[[ Information supplied open ]]

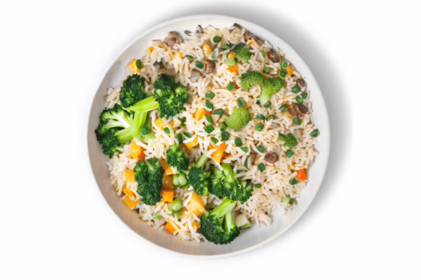 Stir-fried basmati rice with a medley of fresh vegetables.
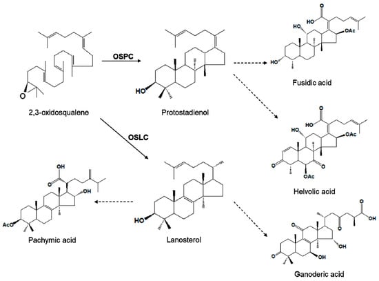 Steroidal triterpenoids such as ganoderic acid, pachymic acid, fusidic acid, and helvolic acid are produced by fungal cells. These compounds can protect fungal cells against other pathogens. Ganoderic acid and pachymic acid have anti-cancer, immune-enhancing, and anti-inflammation effects [1,2,3]. Fusidic acid and helvolic acid are widely used as antibiotics against Gram-positive bacteria. The biosynthesis mechanism of fusidic acid and helvolic acid has been recently elucidated using a heterologous expression system [4,5]. However, the pathway of other steroidal triterpenoid biosynthesis is not clear yet.
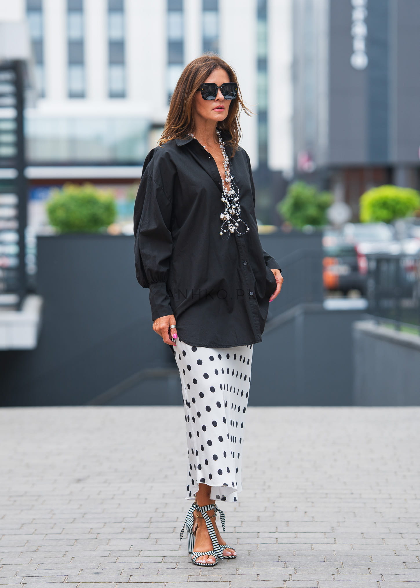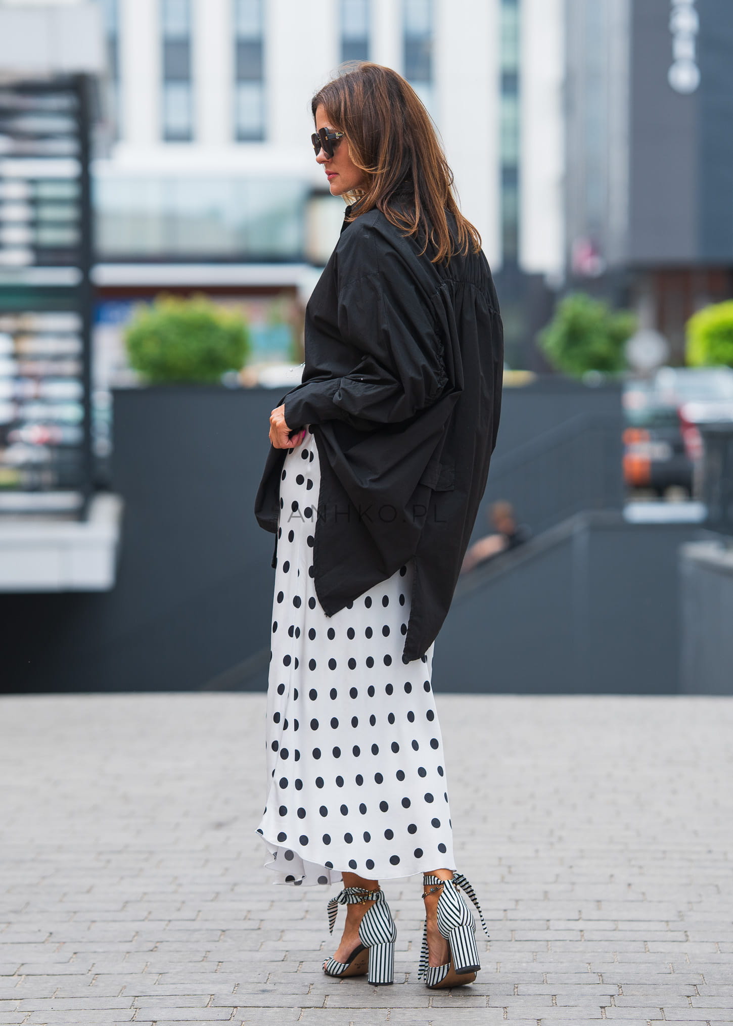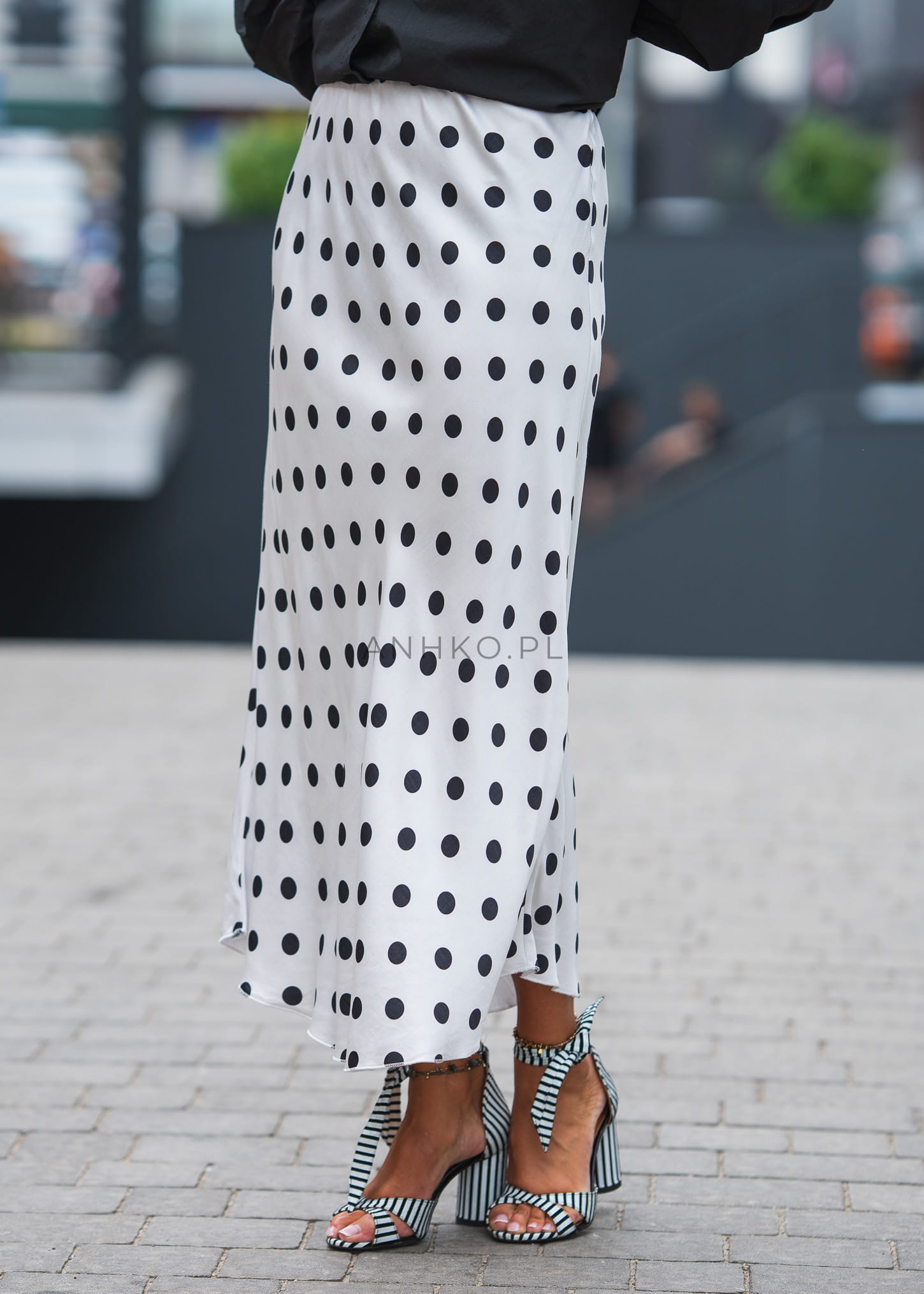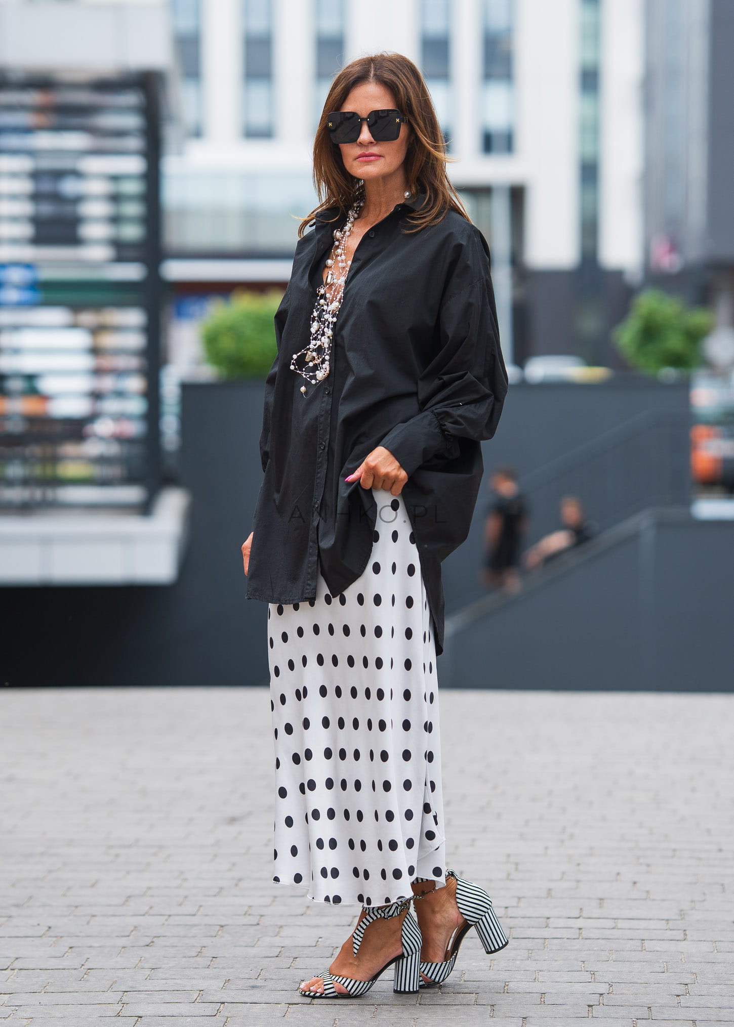 To klasyczna, lekka spódnica midi w ponadczasowy wzór czarnych grochów na białym tle. Jest idealnym wyborem na cieplejsze dni. Świetnie prezentuje się zarówno z t-shirtem i trampkami, jak i z elegancką bluzką i sandałami. Sprawdzi się na co dzień, do pracy, na spacer czy spotkania w mieście. To must-have w każdej kobiecej garderobie – stylowa, wygodna i zawsze modna.
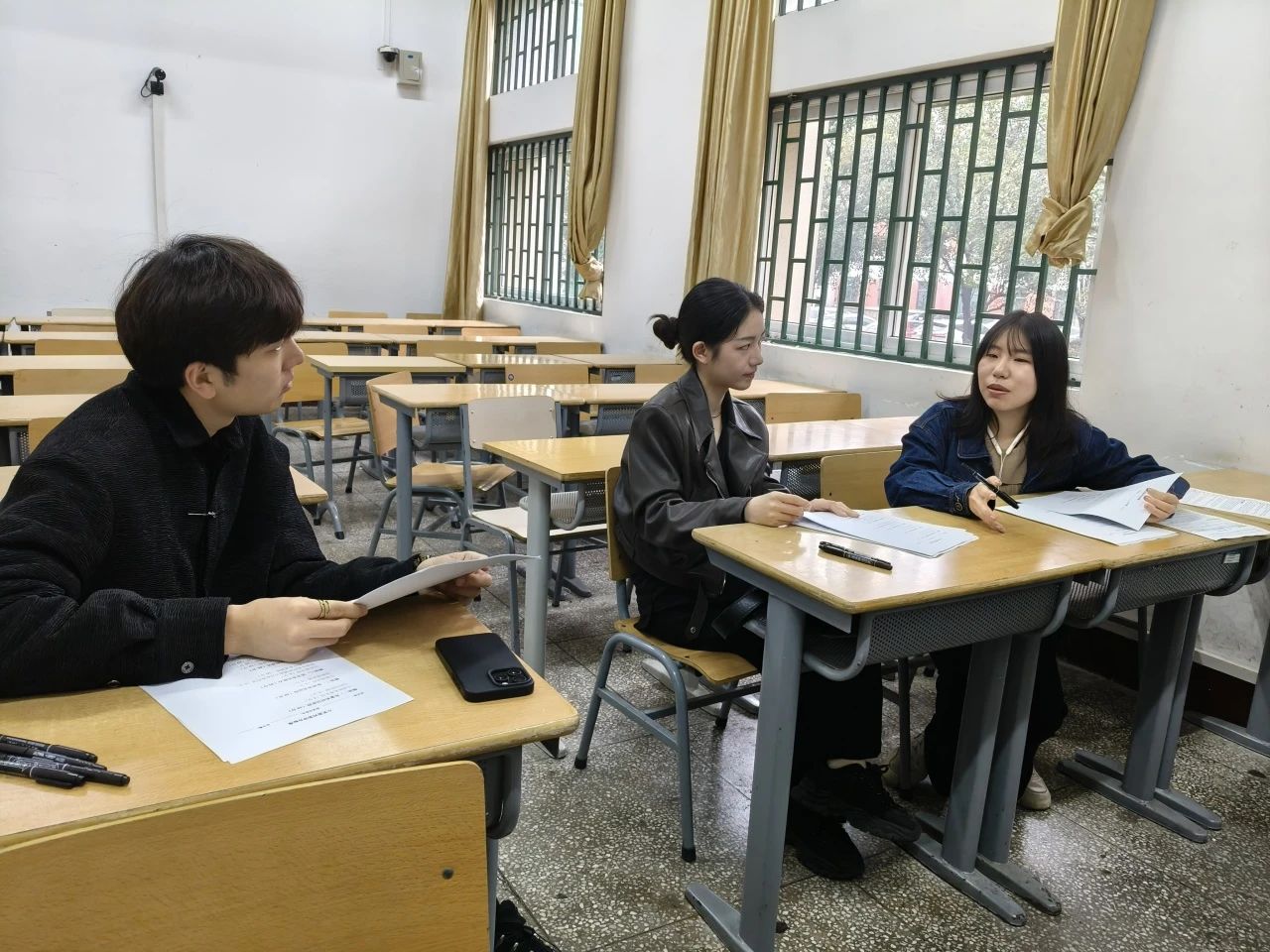 活动还原真实面试现场,面试者现场随机抽取题目进行说课,面试官围绕教师标准、教育理念、真实教学情景处理方法等方面进行结构化提问,力求在实际模拟中提高同学们的教学能力及应变能力。面试开始前,三位面试官认真深度剖析了每位面试者的资料及教学案例,针对每位面试者情况提出了更具专业性和指导性的问题。同时,三位面试官共同对教材、结构化问题以及评分细则标准等问题进行了深入的研究和讨论,以保证评分过程中标准一致、公平公正。
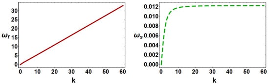 The variation of vs. k (left panel) and vs. k (right panel) when other plasma parameters are , , , , and .
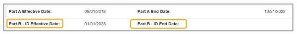 If a beneficiary is enrolled in the Part B-ID benefit, then their Part B eligibility in myCGS® will display as Part B – ID Effective (and End) Dates, as shown below.
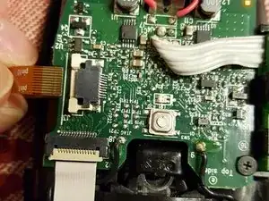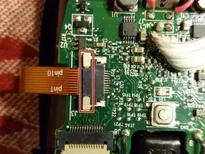 Отсоедините белый ленточный кабель, подняв вверх белый фиксирующий рычаг. После этого ленточный кабель легко выйдет из разблокированного разъёма.
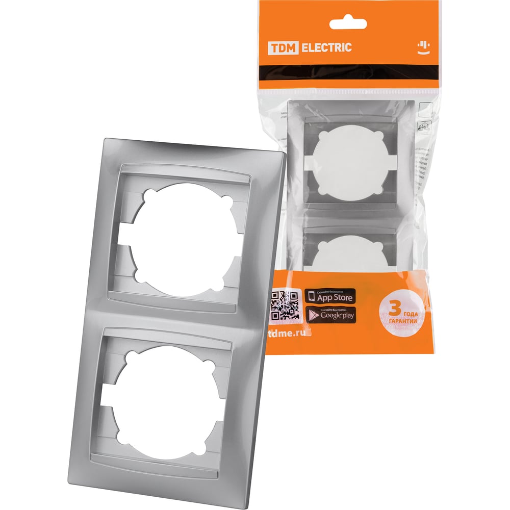 Рамка 2-х постовая вертикальная TDM ELECTRIC серебристый металлик, серия"Лама" SQ1815-0233
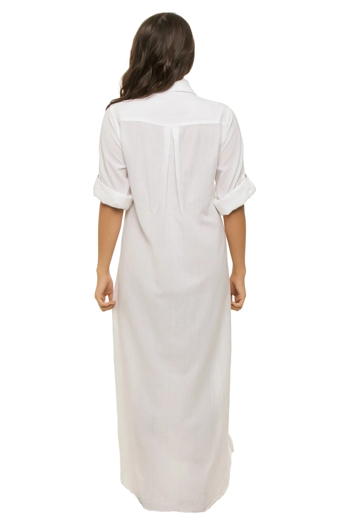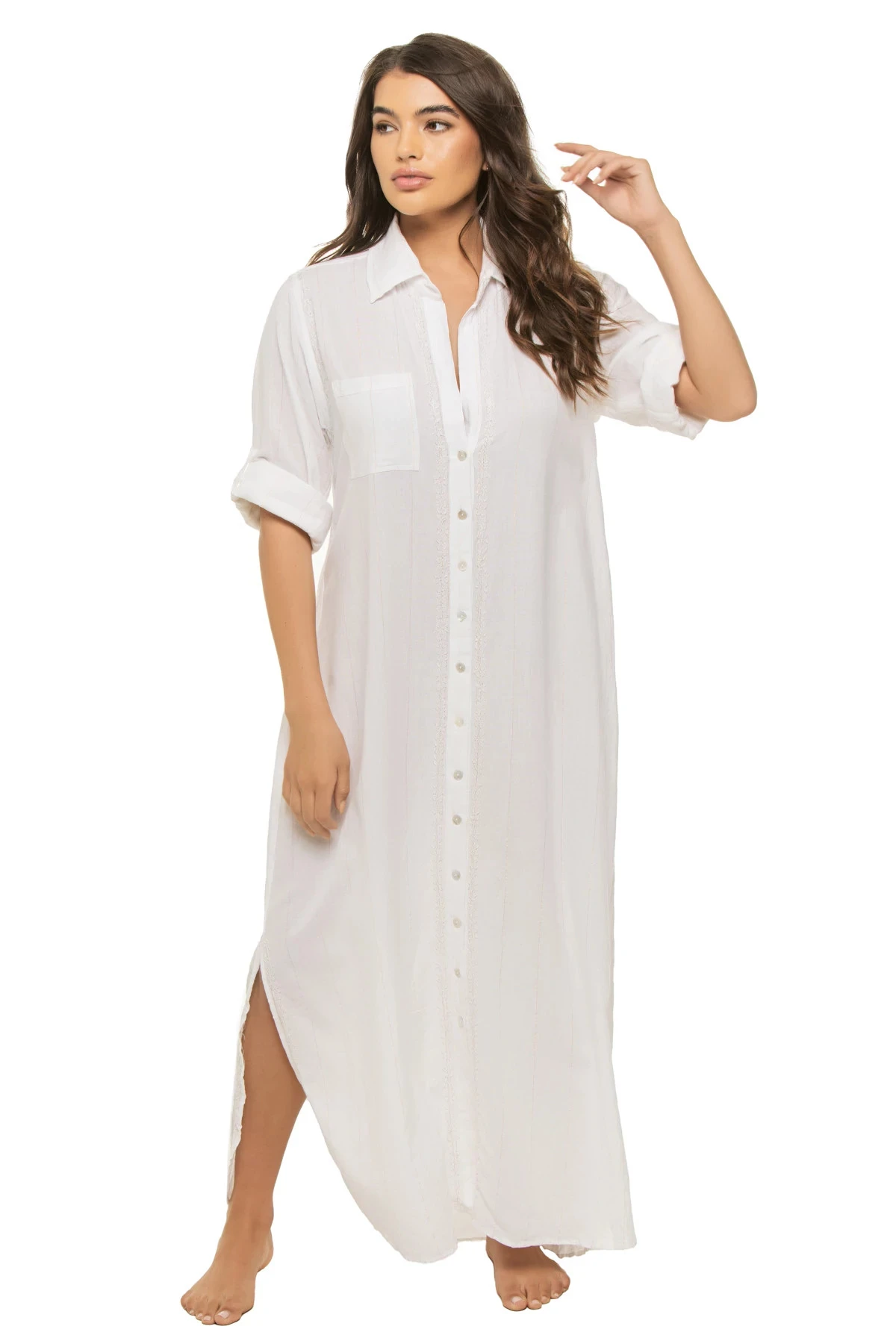 Maxi boyfriend shirt features intricately embroidered details with long sleeves and a collared neckline. Offers a button up closure and side seam slits.

[[ Information supplied closed ]]

Exercise
Pictures aside, return exactly the lines from the data above, starting at the line that has "If a beneficiary" and ending at the line that has "Рамка 2-х постовая", both included.

The answer
 If a beneficiary is enrolled in the Part B-ID benefit, then their Part B eligibility in myCGS® will display as Part B – ID Effective (and End) Dates, as shown below.
 Отсоедините белый ленточный кабель, подняв вверх белый фиксирующий рычаг. После этого ленточный кабель легко выйдет из разблокированного разъёма.
 Рамка 2-х постовая вертикальная TDM ELECTRIC серебристый металлик, серия"Лама" SQ1815-0233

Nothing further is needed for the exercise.